Thank you for coming into my life so unexpectingly. Ever since I met you I always had a good feeling off of you, but I never for once thought this would happen. Im really glad that I told R to fuck off, and that you cheated on C with me, (even if you guys "werent going out" and even if we did do her dirty). Everything for a reason right? I never knew anything good could possible happen to me again, but you feel good to me. I get scared, but as soon as I see you Im happy again. I miss you and wish we got to see each other more often! I miss our couch fort bed and the most beautiful sleep I ever get. I miss sitting on the porch smoking and drinking beer and being white trash while really slow walking people go by *lol*. I miss waking up and knowing you are right there. I just saw you an hour ago and I miss you already. I hope you dont have to go through 12 hours of work tonight with a boner. Im really sorry about that! Okay. Miss you bye. <3

:)
 
And one more for my former crush-

R,

You had your chance. The way you treated me on the 4th of July was possibly the most appaling treatment Ive ever gotten from a guy, with only two exceptions. I cant imagine how bad you could treat me if you'd actually agreed to go out with me.
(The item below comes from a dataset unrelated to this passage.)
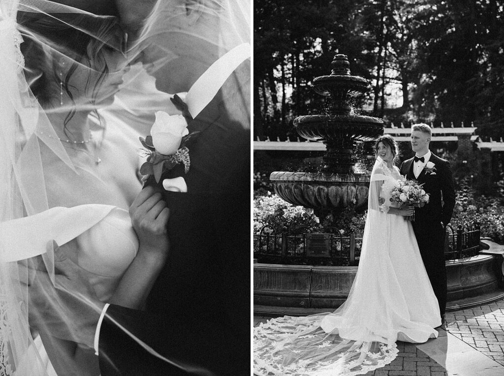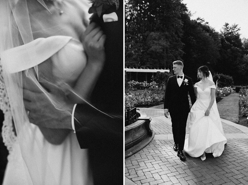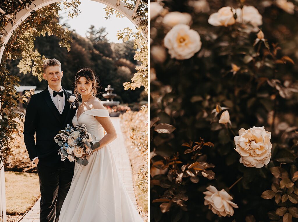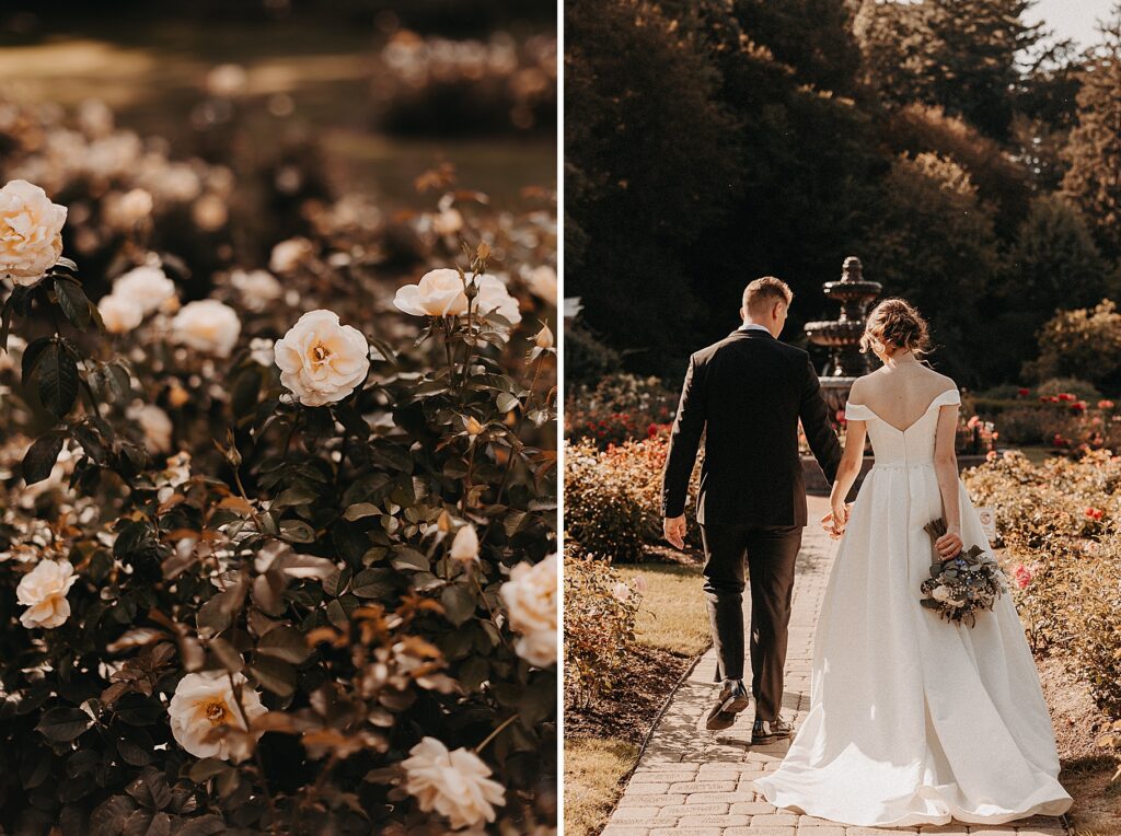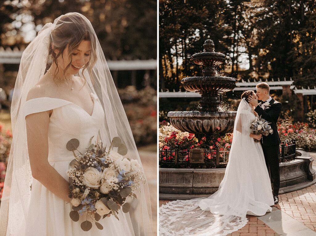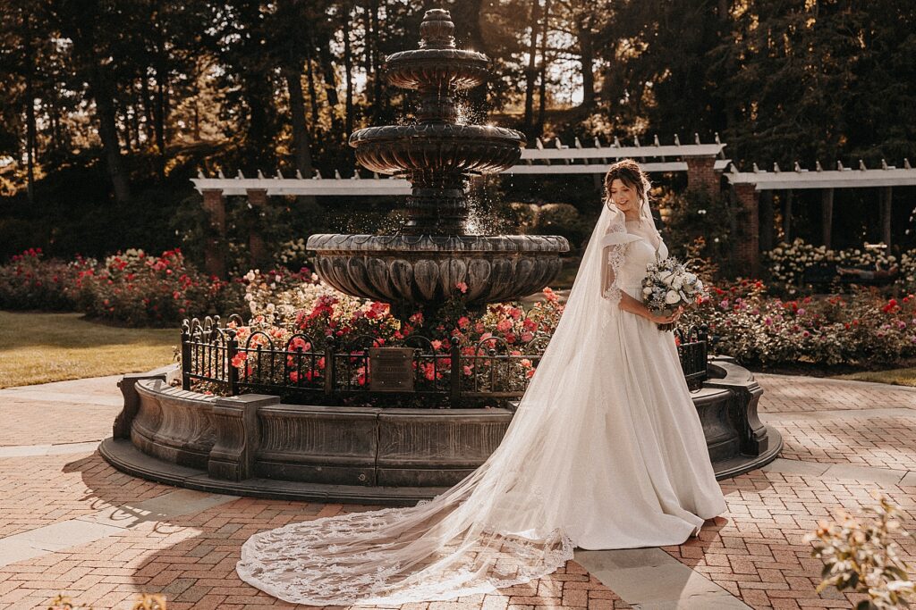 After the liturgy, the newlyweds were greeted outside the church with cheers and bubbles from their family and friends before we headed back inside for their family photos. On our way to the reception, we stopped at a rose garden for a few more portraits. The evening light was hitting the roses and fountain just perfectly and it felt like a dream!

Thank you for showing me how stupid I was being for having those feelings for you. You are a little boy, and maybe one day you will grow up. Didnt think Id ever really leave did you? Well, I have. Thats how I work see, you get a certain amount of time, a certain amount of chances..you might have thought I was spineless but I was just giving you your time. Once times up, Ill never want you again. I wish you the best in life, I know we wont be friends, you are far too immature. Thanks for being a dickhead and sending me (although accidentally) right into the arms of someone really nice and cool who I happen to like a lot. Good LUck and Ill say a prayer for the next girl you end up "talking to". God knows the poor thing will need it.
 
We keep on playing these games to the point where we are erasing all of our emotion so that we outcunt each other, only we may be denying each other to the point where we are successful.

What do you want from me? If it's what I think you need , then grow up and say it. Otherwise piss off and leave me to my musings.
 
spanish,

you make me blush. i havent felt butterflies like this since i was in 10th grade. i cant wait to see you again.

xoxo,

the girl who doesn't believe in all your damn fortunes
 
I want to weave webs of real, delicious, living dreams with you. I forget the material things with you, only hear the singing of delicate heartstrings. Just imagining what it is to be with you, feel you next to me, wrapped up in your scent enveloped in sweat, tangled together like two lovers meant for more than this secrecy.
 
It's a bizarre love triangle
I don't know where to go
So i'll go diagonal
In a straight line
And you're both there on the horizon

Feels so hard to know
I don't know how I feel
So I pray to you
My Goddess
Let yourself be known
 
I JUST CAN'T LET THIS THREAD DIE

Dear _____,

I'm thinking about the last four days, the last four weeks, the last four years. Thinking about the incredible range of feelings I've had and their intensity. And I've been thinking that no one has ever suprised me more than you.

I'm thinking, being around you is just fantastic.